● **ACTIVITY**
Return the lines of the listing below exactly as they appear, beginning at the one with "Tåler opvaskemaskine Materiale: rustfrit" and stopping after the one with "realme 14 5G"; do not include pictures.
++++ DATA SEGMENT
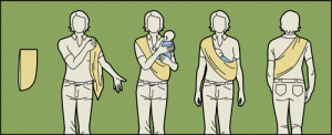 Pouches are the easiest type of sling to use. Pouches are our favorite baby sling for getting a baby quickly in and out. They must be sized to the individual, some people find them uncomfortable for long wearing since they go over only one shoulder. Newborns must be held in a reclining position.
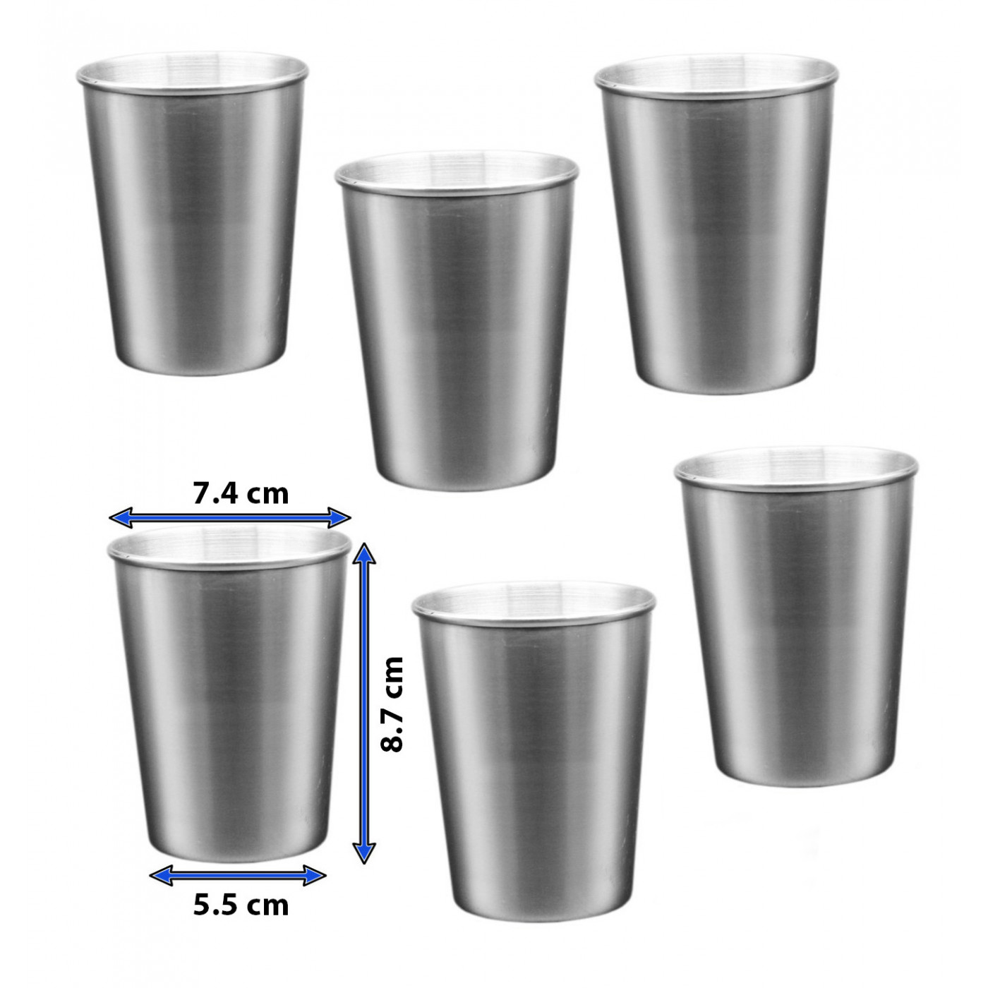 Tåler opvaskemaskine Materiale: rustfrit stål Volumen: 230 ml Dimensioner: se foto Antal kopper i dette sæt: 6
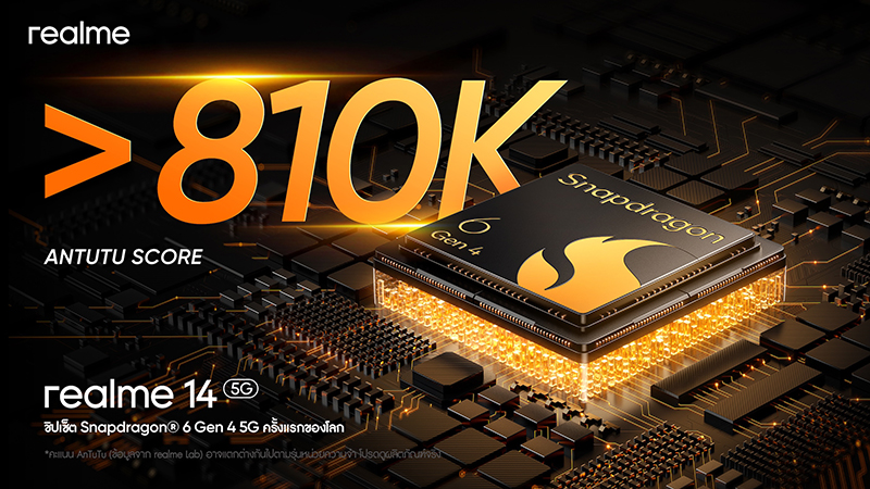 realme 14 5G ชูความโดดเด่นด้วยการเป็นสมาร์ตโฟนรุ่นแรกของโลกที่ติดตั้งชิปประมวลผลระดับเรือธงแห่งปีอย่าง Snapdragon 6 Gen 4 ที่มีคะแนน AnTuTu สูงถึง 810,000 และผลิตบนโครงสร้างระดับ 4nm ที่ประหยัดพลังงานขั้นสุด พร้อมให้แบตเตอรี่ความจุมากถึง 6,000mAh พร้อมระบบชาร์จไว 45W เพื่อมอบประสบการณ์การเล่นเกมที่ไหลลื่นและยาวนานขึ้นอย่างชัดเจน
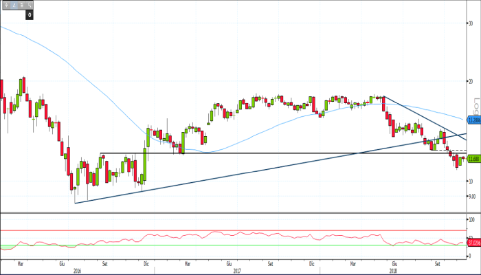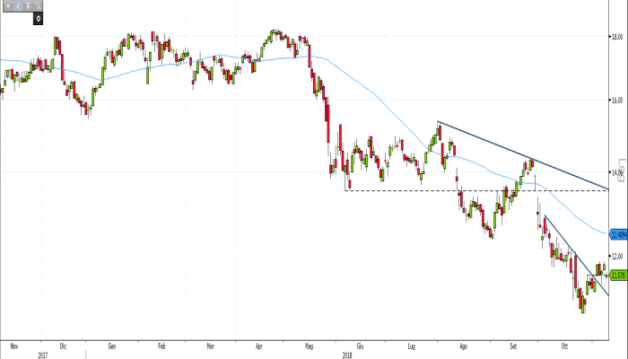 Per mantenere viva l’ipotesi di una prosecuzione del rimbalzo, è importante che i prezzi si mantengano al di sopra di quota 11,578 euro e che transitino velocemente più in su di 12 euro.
++++++++
● **ANSWER BOX**
 Tåler opvaskemaskine Materiale: rustfrit stål Volumen: 230 ml Dimensioner: se foto Antal kopper i dette sæt: 6
 realme 14 5G ชูความโดดเด่นด้วยการเป็นสมาร์ตโฟนรุ่นแรกของโลกที่ติดตั้งชิปประมวลผลระดับเรือธงแห่งปีอย่าง Snapdragon 6 Gen 4 ที่มีคะแนน AnTuTu สูงถึง 810,000 และผลิตบนโครงสร้างระดับ 4nm ที่ประหยัดพลังงานขั้นสุด พร้อมให้แบตเตอรี่ความจุมากถึง 6,000mAh พร้อมระบบชาร์จไว 45W เพื่อมอบประสบการณ์การเล่นเกมที่ไหลลื่นและยาวนานขึ้นอย่างชัดเจน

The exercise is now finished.